In meditation, I summon her, allow what I remember of her to fill me, and listen for the heartbeat that filled me with assurance in the womb. I recall my scant memories of her—having a temper tantrum when she wouldn’t buy me a toy trumpet, sitting with her on a sofa insisting I wasn’t tired while I yawned non-stop, walking hand in hand in the park, asking for a pair of red shoes she found too expensive. Red is still my favorite color. My strongest sense of her is on any kind of cement ramp leading to a building, or the smell of carnations. After 55 years, this still calls her in sharply.

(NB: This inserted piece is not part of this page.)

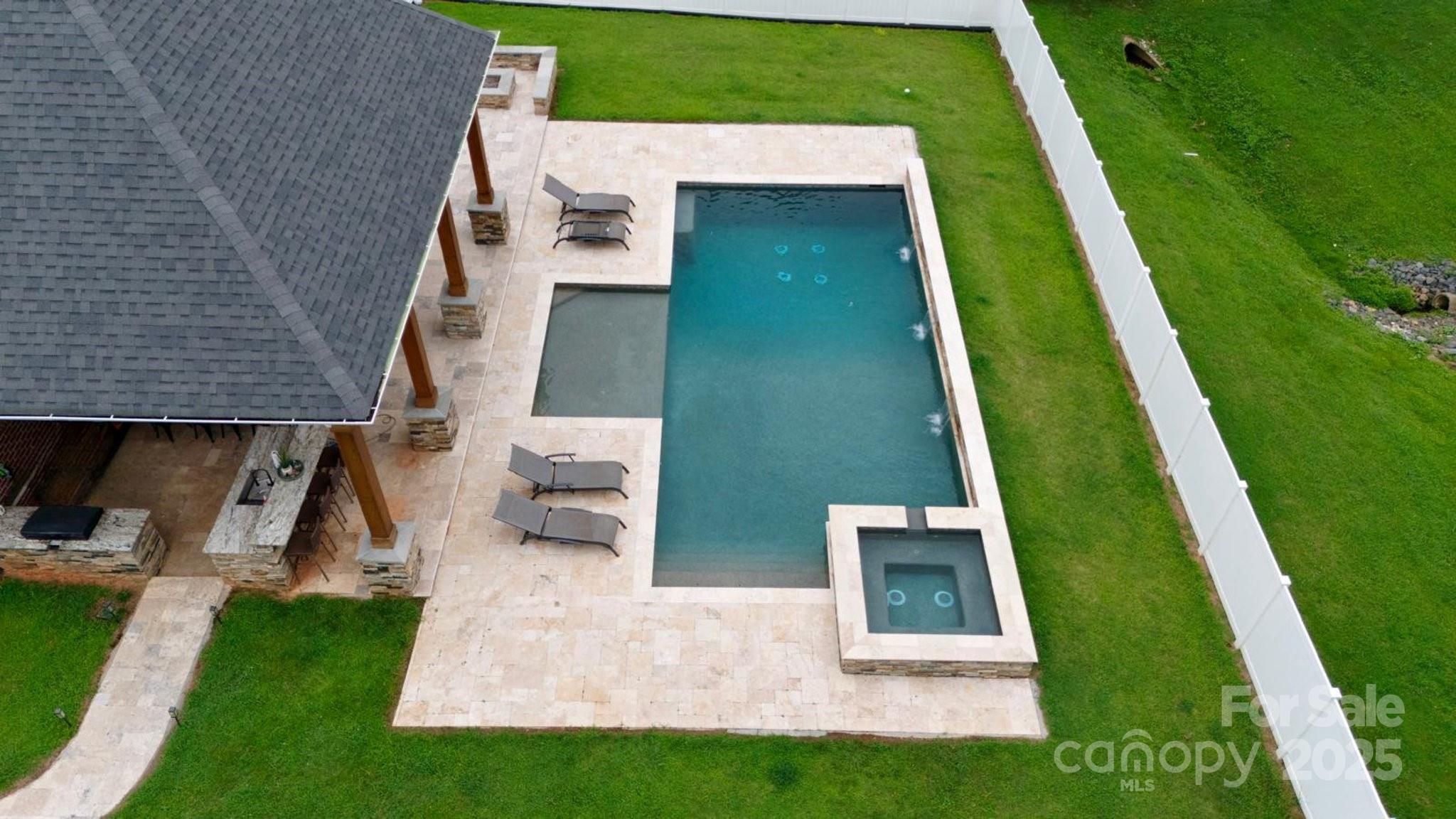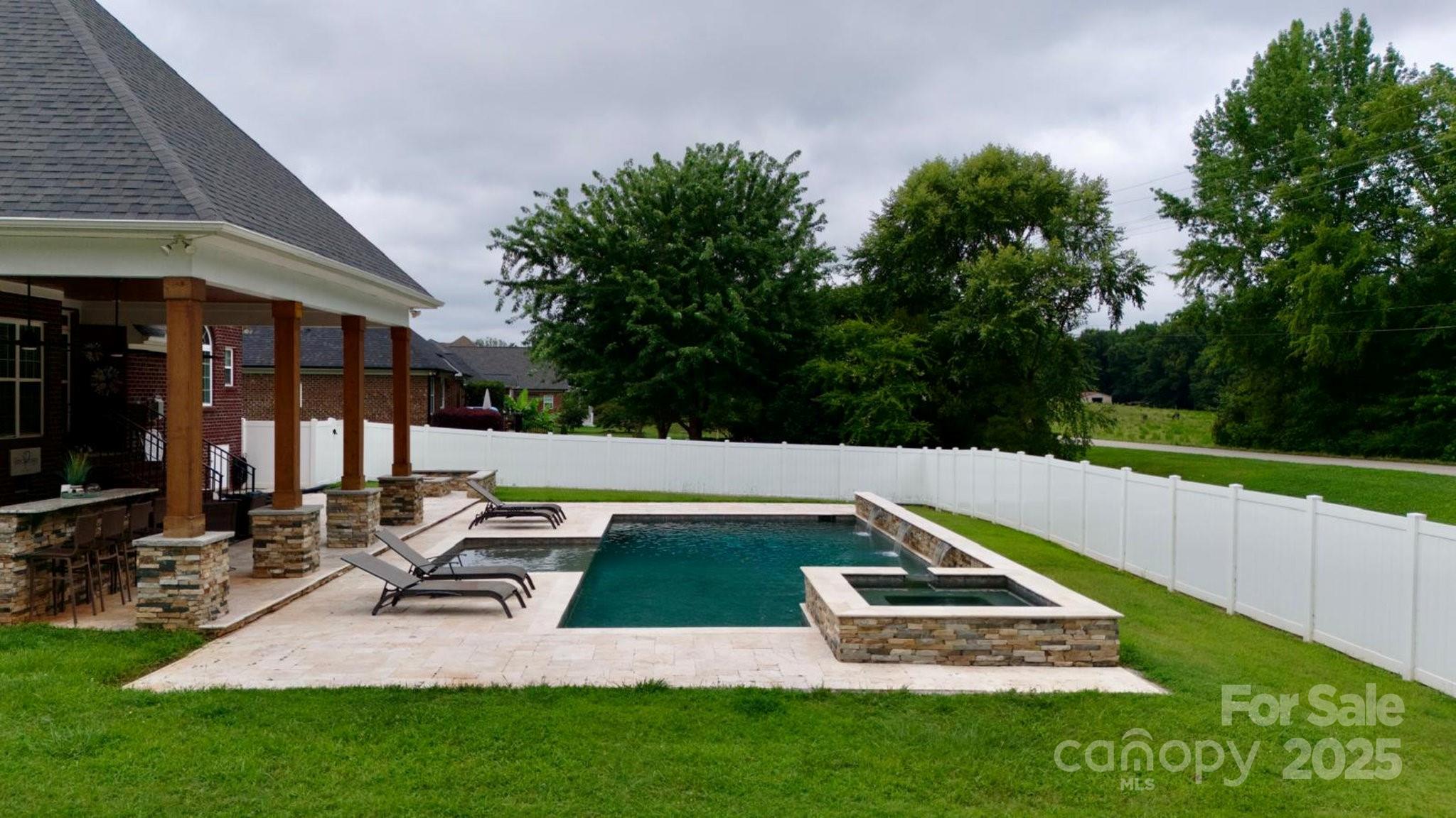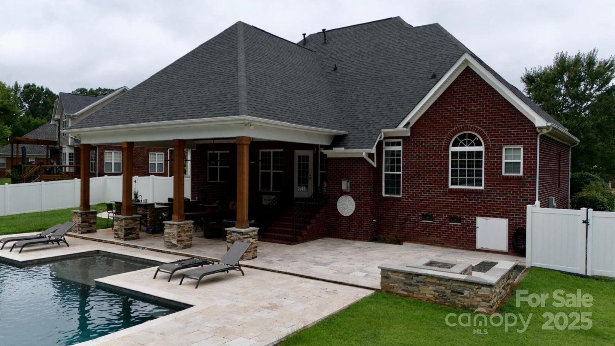 SCHEDULE YOUR TOUR TODAY!!! Backyard paradise! Feel like you're on vacation every day! This gorgeous all-brick custom home, located on a peaceful cul de sac, is ready for you to call home! This 4-bedroom, 2-story home features a master on the main, a living room with a cozy fireplace, an open concept kitchen with granite countertops and stainless steel appliances, a large dining room, a guest suite with a full bath, and a laundry room with a wet sink. The upstairs includes two bedrooms, a bonus/bedroom, a loft, a full bathroom and plenty of storage! However, the outside is where you will want to be! Stunning travertine tiles encircle a pool that is sure to wow, featuring breathtaking water cascades, a swim platform and hot tub! Did I mention it's heated?! Yet, the entertainment does not end there! The walk-up bar and outdoor built-in grill beneath the custom-made covered patio will be the highlight of the party!

There is a gentleness and kindness that has informed me through the years that held me together, and it flowed from my mother through the mystical veil that separates us. It came from the things I know about her—that she loved and taught ballet, to sing, to dance, to write, to perform and play Chopin at the Place of Culture in Warsaw. My mother, a vivacious Aries, birthed a shy, non-performing Scorpio-child, but her granddaughters inherited her talents, and that fills me with awe.
In retrospect, nothing has been able to extinguish our bond; I am bone of her bone, flesh of her flesh.
I find peace in her beingness, however short it was; she lives in every one of my heartbeats. The older I get, the more I think about her as not only my mama, but also as a young woman during the war, a woman falling in love, giving birth, having fights with my dad, and even small things like running to the store to buy cigarettes. Maybe she also loved red shoes.
Mother is a big theme in my astral chart. It’s actually quite surreal to see the way planets and asteroids point directly to my experience and path. It’s also reassuring to know that what I have lived are not random events, but part of my cosmic tapestry.
In meditation, I find gratitude for this curious life I was born to.
I give thanks for the womb that birthed me.
I give thanks to even briefly have known the woman who carried me for nine months. I am honored to be of her lineage.
I give thanks for the grief, too, because it points back to the inextinguishable love that birthed me.
I give thanks for the path the grief set me on; it taught me humility and compassion.
Because of her, I strive to be a good ancestor.
Beyond the story of the path struck when my mother passed is the story of how incredibly fortunate I was to lock eyes with her when I arrived Earth-side.